[Records provided]
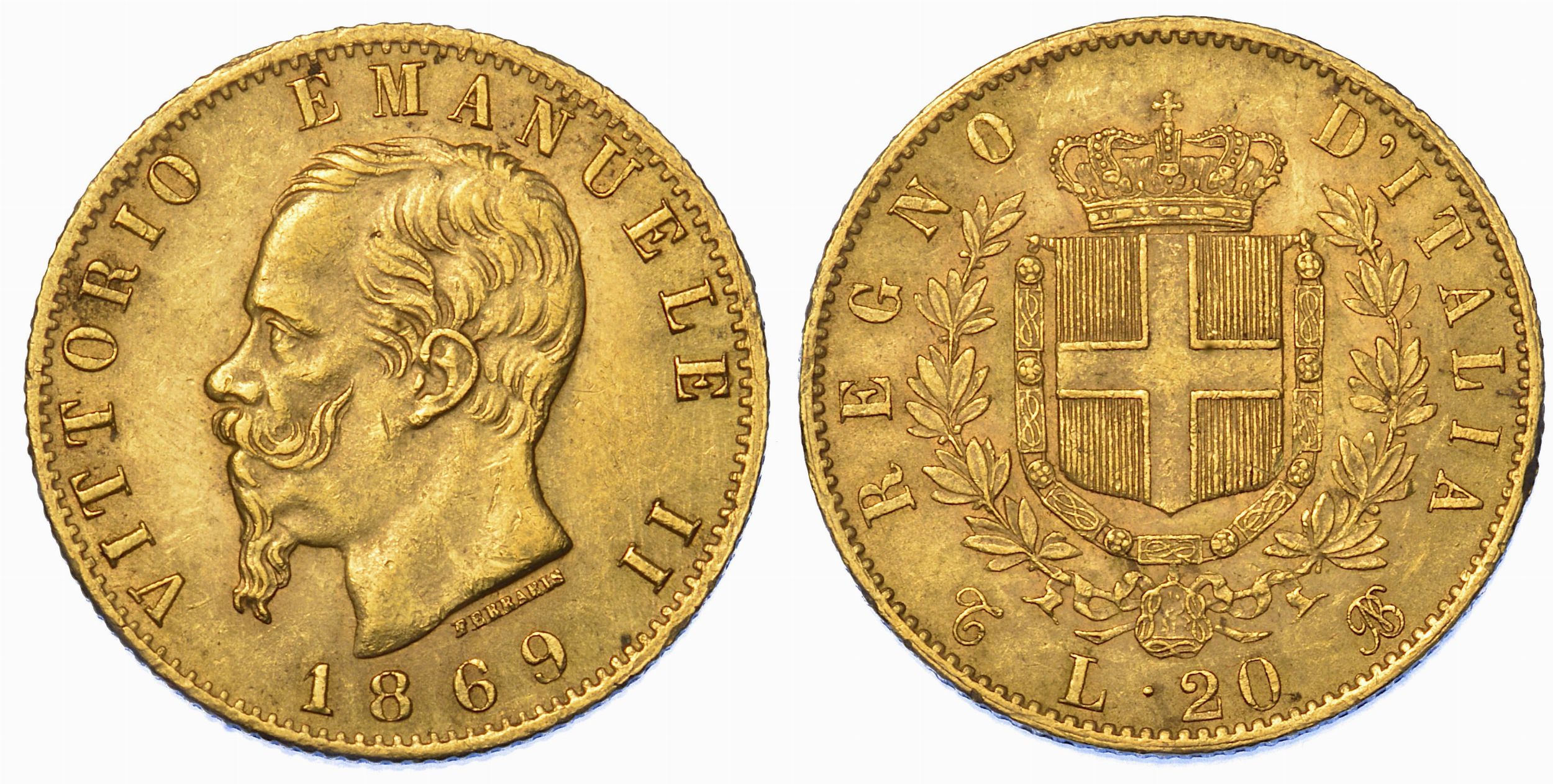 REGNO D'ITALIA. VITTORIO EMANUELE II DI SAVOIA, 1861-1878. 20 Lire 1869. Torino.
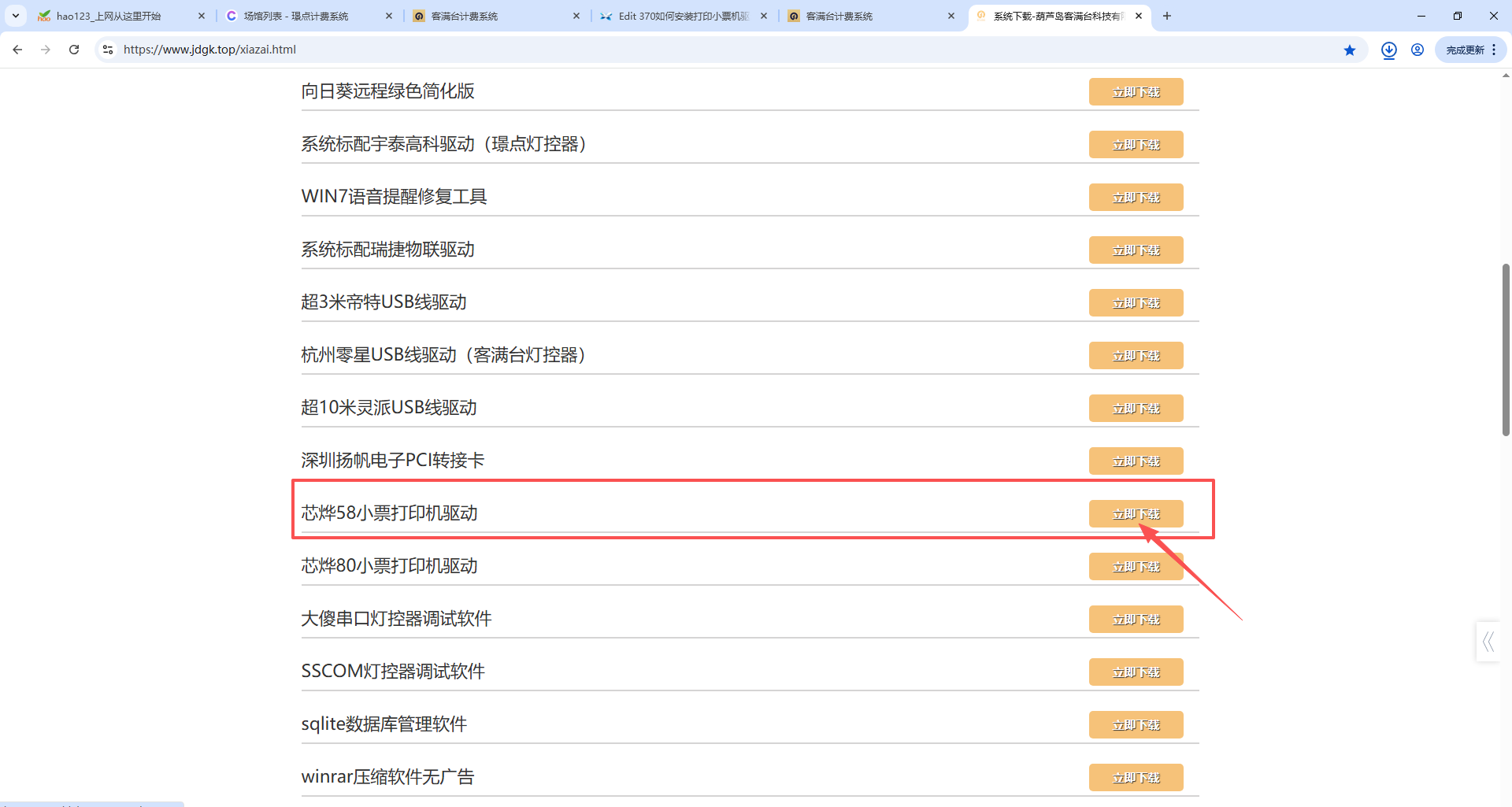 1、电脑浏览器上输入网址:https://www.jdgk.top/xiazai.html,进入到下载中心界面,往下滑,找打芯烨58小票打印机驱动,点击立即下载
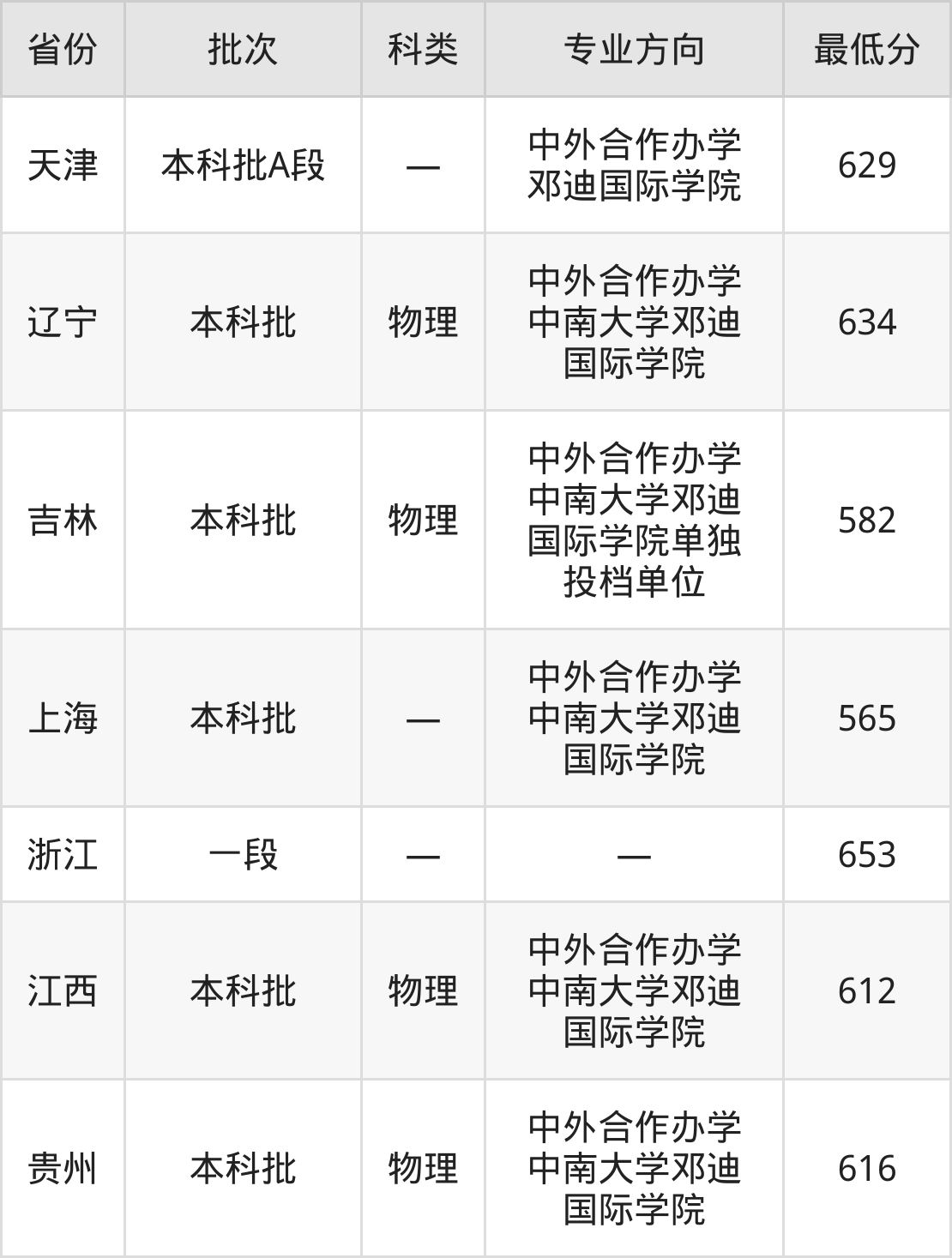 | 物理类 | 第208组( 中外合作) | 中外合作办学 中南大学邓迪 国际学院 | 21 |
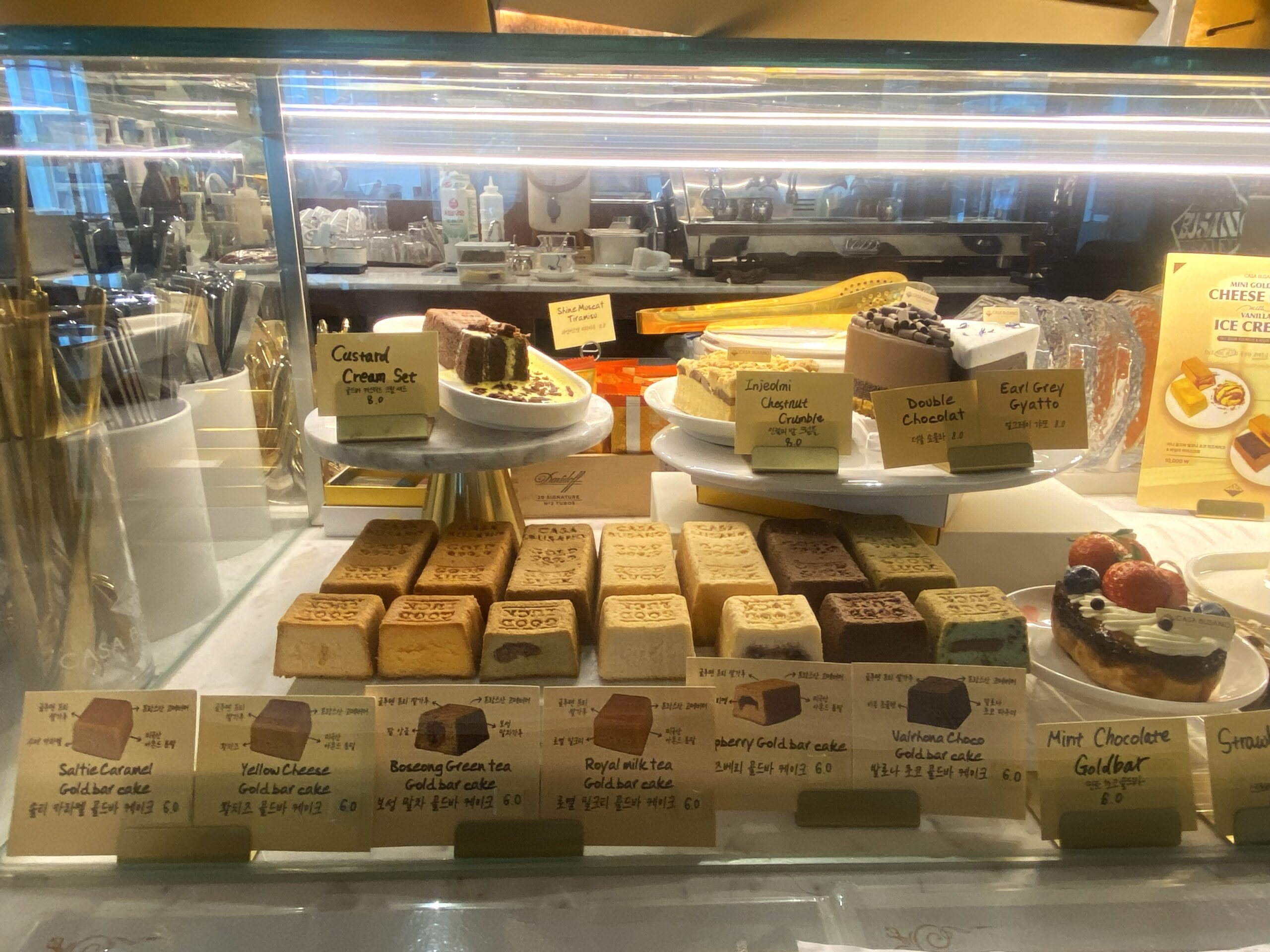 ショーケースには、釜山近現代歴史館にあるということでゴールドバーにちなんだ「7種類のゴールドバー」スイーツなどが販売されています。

==

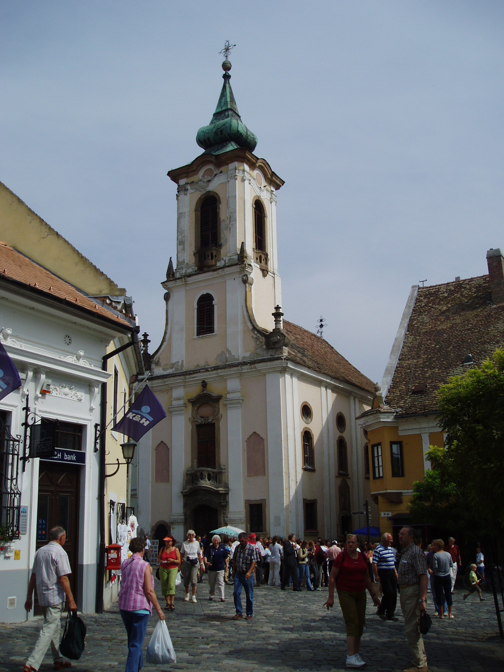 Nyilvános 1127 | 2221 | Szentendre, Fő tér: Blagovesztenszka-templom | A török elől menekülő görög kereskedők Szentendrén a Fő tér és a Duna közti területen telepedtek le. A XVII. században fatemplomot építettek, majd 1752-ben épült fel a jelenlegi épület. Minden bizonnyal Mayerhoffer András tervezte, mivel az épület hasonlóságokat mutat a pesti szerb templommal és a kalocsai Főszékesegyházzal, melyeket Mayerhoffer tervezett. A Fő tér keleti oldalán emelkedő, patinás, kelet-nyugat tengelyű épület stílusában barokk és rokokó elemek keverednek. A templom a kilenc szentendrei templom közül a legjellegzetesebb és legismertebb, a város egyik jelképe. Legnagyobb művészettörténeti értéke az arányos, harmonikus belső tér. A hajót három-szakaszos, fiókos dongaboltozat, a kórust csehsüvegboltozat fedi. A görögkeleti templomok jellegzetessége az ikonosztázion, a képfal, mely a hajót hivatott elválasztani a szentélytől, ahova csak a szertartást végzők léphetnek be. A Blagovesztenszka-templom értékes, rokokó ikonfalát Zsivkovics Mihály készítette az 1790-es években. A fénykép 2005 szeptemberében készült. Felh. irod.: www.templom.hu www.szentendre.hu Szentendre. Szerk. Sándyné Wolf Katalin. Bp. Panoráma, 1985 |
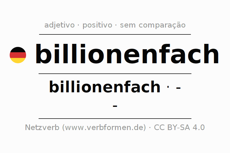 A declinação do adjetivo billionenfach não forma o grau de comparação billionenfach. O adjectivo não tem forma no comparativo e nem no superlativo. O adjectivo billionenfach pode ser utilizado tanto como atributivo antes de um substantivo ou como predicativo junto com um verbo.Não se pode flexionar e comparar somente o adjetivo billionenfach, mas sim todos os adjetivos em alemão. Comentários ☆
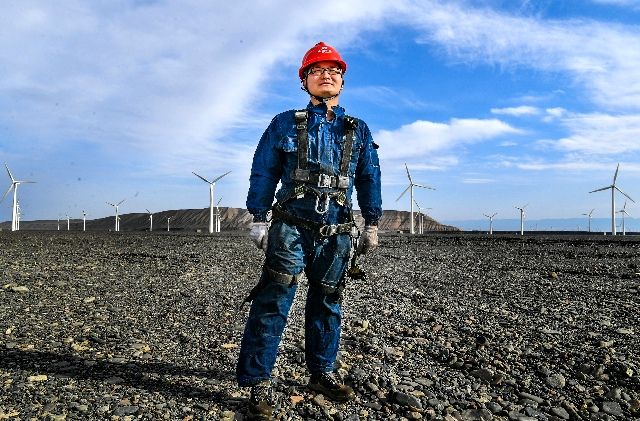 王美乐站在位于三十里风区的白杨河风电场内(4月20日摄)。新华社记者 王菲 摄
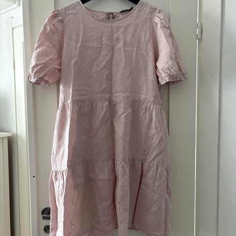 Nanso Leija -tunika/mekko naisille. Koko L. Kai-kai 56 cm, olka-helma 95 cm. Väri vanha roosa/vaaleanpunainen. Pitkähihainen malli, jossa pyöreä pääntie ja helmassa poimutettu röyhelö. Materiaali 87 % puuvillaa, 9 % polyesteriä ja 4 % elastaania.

[What you are asked to do] Pictures in the material above should be skipped; print exactly the lines from the one with "1、电脑浏览器上输入网址:h" through the one with "ショーケースには、釜山近現代".

[Written answer]
 1、电脑浏览器上输入网址:https://www.jdgk.top/xiazai.html,进入到下载中心界面,往下滑,找打芯烨58小票打印机驱动,点击立即下载
 | 物理类 | 第208组( 中外合作) | 中外合作办学 中南大学邓迪 国际学院 | 21 |
 ショーケースには、釜山近現代歴史館にあるということでゴールドバーにちなんだ「7種類のゴールドバー」スイーツなどが販売されています。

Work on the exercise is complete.